---- THE DATA
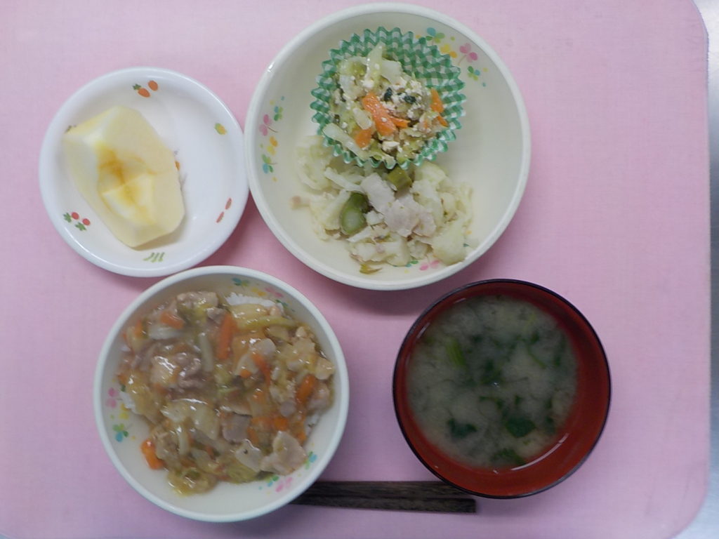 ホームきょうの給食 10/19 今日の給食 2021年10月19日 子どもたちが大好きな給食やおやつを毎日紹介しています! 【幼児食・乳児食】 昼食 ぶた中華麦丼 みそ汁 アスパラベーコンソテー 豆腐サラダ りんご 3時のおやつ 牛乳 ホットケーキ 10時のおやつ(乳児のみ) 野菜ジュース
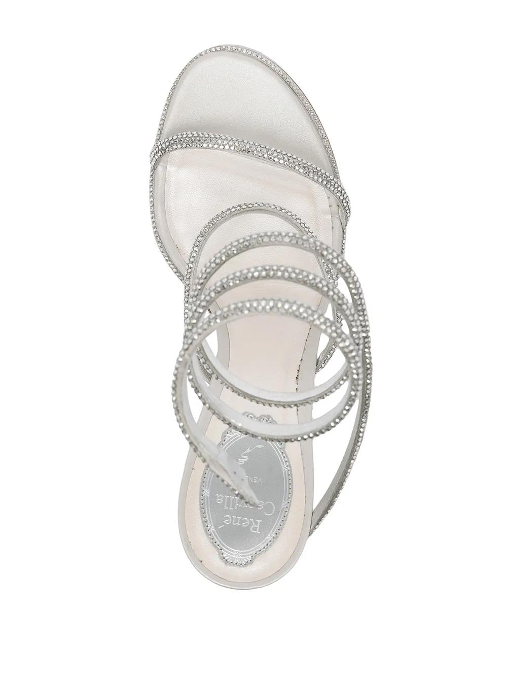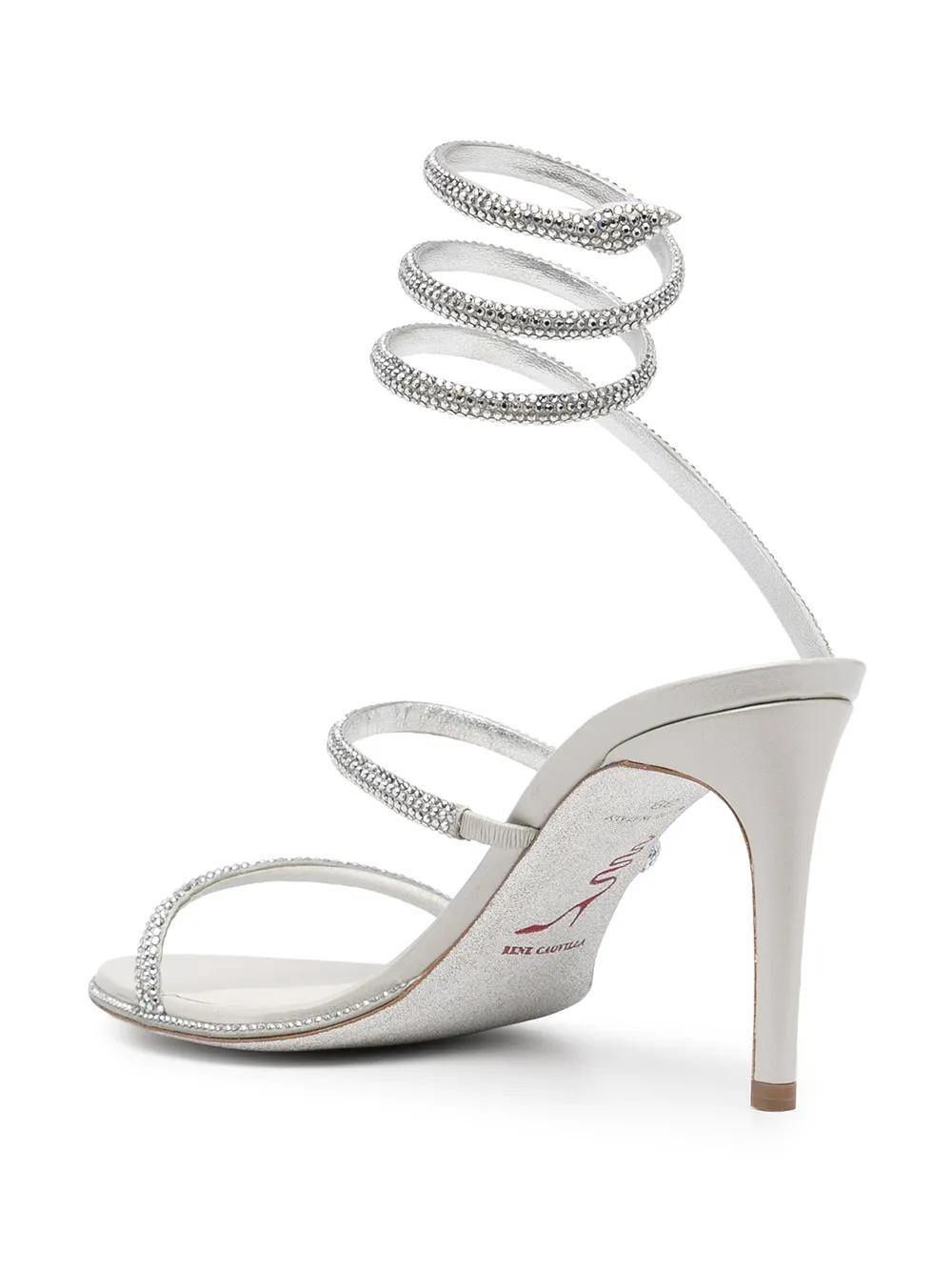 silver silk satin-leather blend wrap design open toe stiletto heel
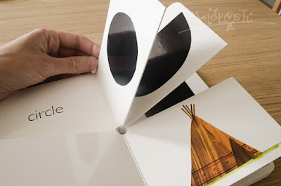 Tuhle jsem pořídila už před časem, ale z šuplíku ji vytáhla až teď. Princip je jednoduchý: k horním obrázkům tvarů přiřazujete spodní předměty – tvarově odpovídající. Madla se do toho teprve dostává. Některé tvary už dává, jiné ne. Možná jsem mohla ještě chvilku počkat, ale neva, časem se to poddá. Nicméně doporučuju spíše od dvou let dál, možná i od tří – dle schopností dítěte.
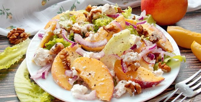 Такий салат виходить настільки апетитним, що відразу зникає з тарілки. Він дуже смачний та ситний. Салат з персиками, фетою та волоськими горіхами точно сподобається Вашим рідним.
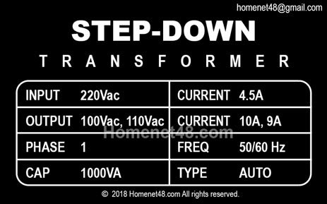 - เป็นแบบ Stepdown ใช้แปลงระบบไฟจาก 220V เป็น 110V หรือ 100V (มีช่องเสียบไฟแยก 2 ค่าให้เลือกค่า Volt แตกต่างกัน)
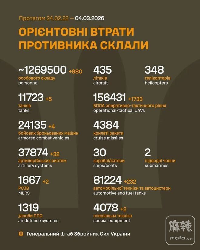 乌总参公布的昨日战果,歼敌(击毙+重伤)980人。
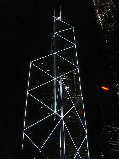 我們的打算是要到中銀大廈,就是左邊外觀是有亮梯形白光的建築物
--------
---- THE DATA
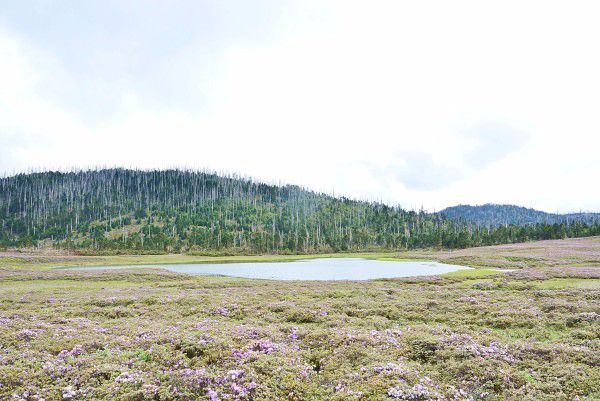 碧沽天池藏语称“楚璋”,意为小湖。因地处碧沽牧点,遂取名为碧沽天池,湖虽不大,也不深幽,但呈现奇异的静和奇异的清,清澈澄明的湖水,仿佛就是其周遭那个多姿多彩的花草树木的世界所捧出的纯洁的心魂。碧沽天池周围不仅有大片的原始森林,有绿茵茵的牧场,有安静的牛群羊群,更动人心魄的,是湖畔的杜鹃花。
--------
== PROBLEM TO SOLVE ==
When you reach the line holding "Такий салат виходить" in the listing above, begin retyping exactly, and stop once the line holding "我們的打算是要到中銀大廈,就是左邊外觀是有亮梯形白光的建築物" is done; pictures stay out.

== TASK RESULT ==
 Такий салат виходить настільки апетитним, що відразу зникає з тарілки. Він дуже смачний та ситний. Салат з персиками, фетою та волоськими горіхами точно сподобається Вашим рідним.
 - เป็นแบบ Stepdown ใช้แปลงระบบไฟจาก 220V เป็น 110V หรือ 100V (มีช่องเสียบไฟแยก 2 ค่าให้เลือกค่า Volt แตกต่างกัน)
 乌总参公布的昨日战果,歼敌(击毙+重伤)980人。
 我們的打算是要到中銀大廈,就是左邊外觀是有亮梯形白光的建築物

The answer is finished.